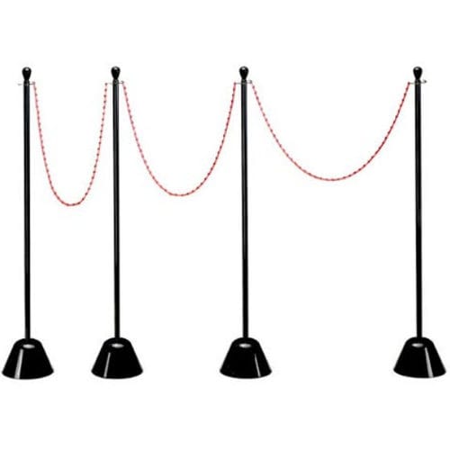 Base de polipropileno pintado negro. Asta de soporte con gancho de acero pintado de negro. Cadena de acero barnizado rojo, de 175 cm de largo.
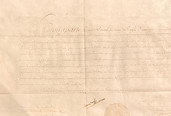 1803. Francia. Napoleón Bonaparte, da poder a Pierre Clément Laussat, para tomar posesión de la Luisiana en nombre de Francia. Archivo General de Indias, Mapas y Planos, Documentos reales, 9.
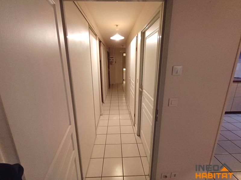 une entrée avec placards, une cuisine aménagée et équipée (hotte, plaques, four) ouverte sur le séjour donnant accès à une terrasse avec jardin clos, deux chambres dont une avec placard, une salle de bains, WC.
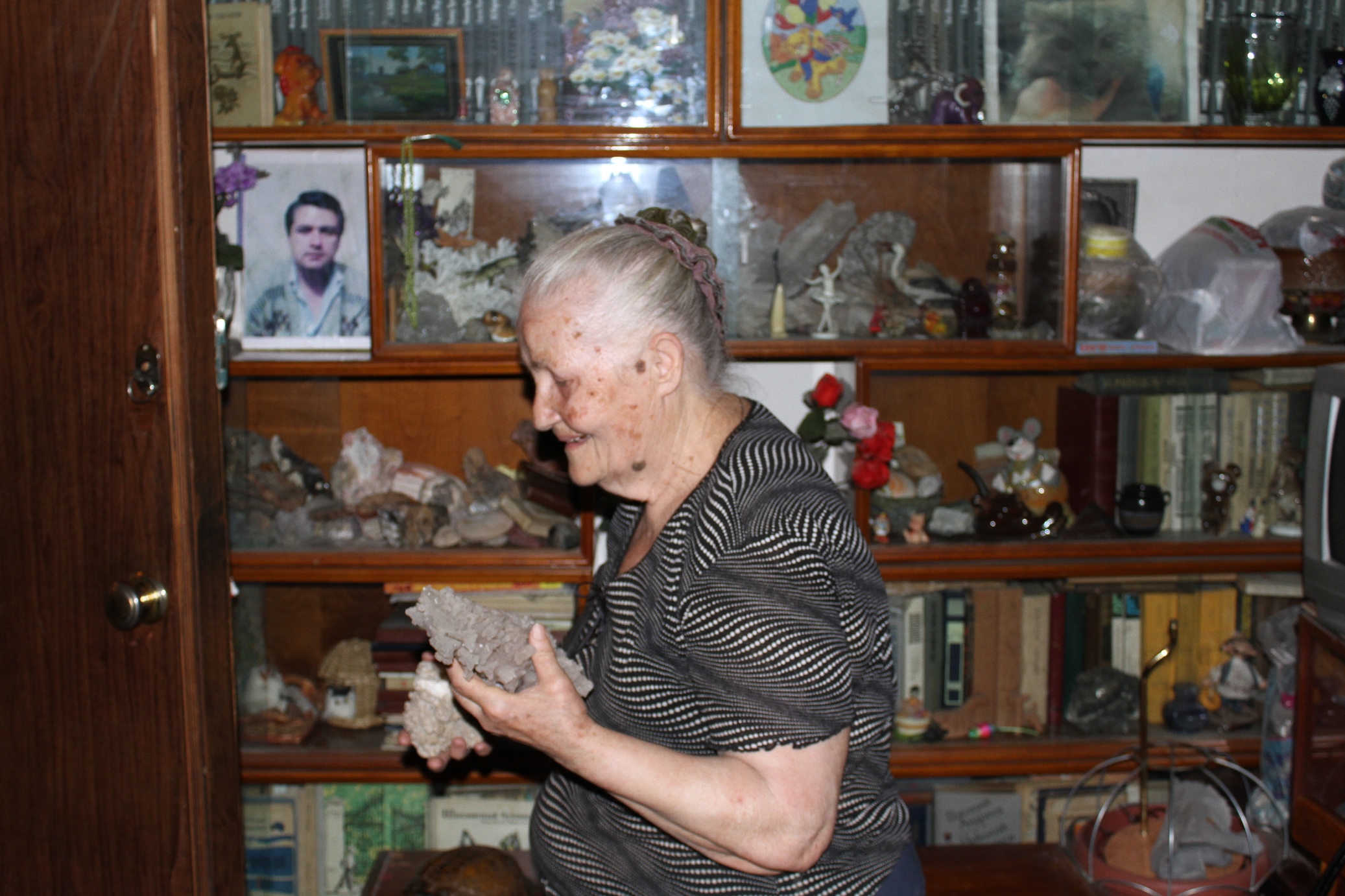 Куда все это ушло? Что у меня осталось? Только эти камни, да книги, да картины мужа, он хорошо рисовал тушью. И вот эта квартира пока осталась, здесь вся жизнь моя и прошла.
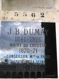 Bonjour. Pour Jean Baptiste Dumay, son urne se trouve dans une colonne à l’entrée du cimetière Saint-Laurent au Creusot (71) depuis le 3 septembre 2010 à la demande de la famille. Ayant des connaissance à la mairie du Creusot, j’ai pu assister personnellement à cette cérémonie. Au Père-Lachaise il ne reste plus que le cénotaphe avec la plaque. Merci et bonne journée
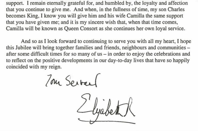 “Un, kad laika gaitā mans dēls Čārlzs kļūs par karali, es zinu, ka jūs viņam un viņa sievai Kamillai sniegsiet tādu pašu atbalstu, kādu esat snieguši man; un es patiesi vēlos, lai tad, kad pienāks šis laiks, Kamilla būtu pazīstama kā karaliene konsorte, jo viņa turpinās savu lojālo kalpošanu,” teikts karalienes Elizabetes II oficiālajā paziņojumā.
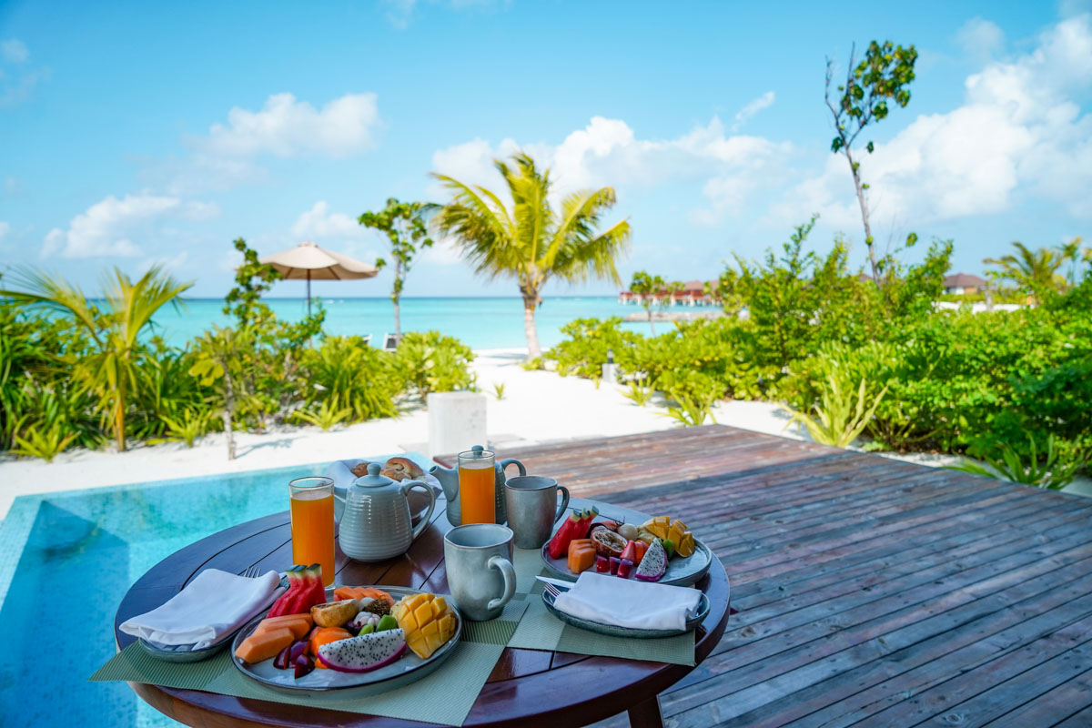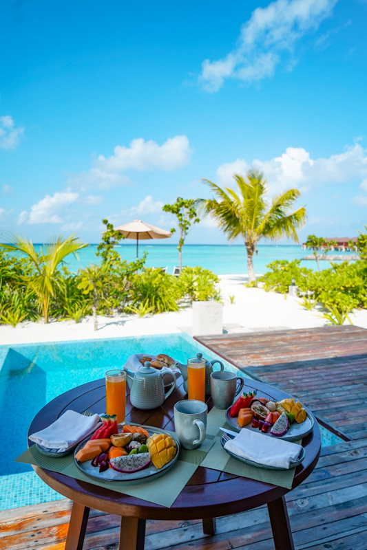 Das Konzept eines All Inklusive Resorts auf den Malediven ohne einen bitteren Nachgeschmack eines Pauschalurlaubs geht hier auf. Die kulinarische Auswahl überzeugt in allen Punkten und kann sich sehen lassen. Mit Liebe zum Detail werden Gerichte zubereitet und auch das Buffet Restaurant ist ein Hingucker. Wer selbst Hand anlegen möchte, wird beim traditionellen Kochkurs das Lokale Flair spüren und eine tolle Erinnerung nach Hause mitnehmen. Langeweile kommt hier nicht so schnell auf, denn entweder geniesst man ein erfrischendes Getränk an der Sunsetbar oder vergnügt sich im Wasser. Egal ob Pärchen oder Familien, das Angebot überzeugt und das Preis-Leistungsverhältnis bietet einen erholsamen Urlaub. Die Beachvilla für 7 Nächte gibt es schon ab 4.822 € (ohne Flüge) – eine Wasservilla mit einem privaten Pool gibt es für ab 6.022 € .

○ ○ ○

### [EXERCISE INSTRUCTIONS]
Leaving pictures out, output the lines of the data above from the one with "Куда все это" through the one with "II oficiālajā paziņojumā.", word for word.

### [THE COMPLETED TASK]
 Куда все это ушло? Что у меня осталось? Только эти камни, да книги, да картины мужа, он хорошо рисовал тушью. И вот эта квартира пока осталась, здесь вся жизнь моя и прошла.
 Bonjour. Pour Jean Baptiste Dumay, son urne se trouve dans une colonne à l’entrée du cimetière Saint-Laurent au Creusot (71) depuis le 3 septembre 2010 à la demande de la famille. Ayant des connaissance à la mairie du Creusot, j’ai pu assister personnellement à cette cérémonie. Au Père-Lachaise il ne reste plus que le cénotaphe avec la plaque. Merci et bonne journée
 “Un, kad laika gaitā mans dēls Čārlzs kļūs par karali, es zinu, ka jūs viņam un viņa sievai Kamillai sniegsiet tādu pašu atbalstu, kādu esat snieguši man; un es patiesi vēlos, lai tad, kad pienāks šis laiks, Kamilla būtu pazīstama kā karaliene konsorte, jo viņa turpinās savu lojālo kalpošanu,” teikts karalienes Elizabetes II oficiālajā paziņojumā.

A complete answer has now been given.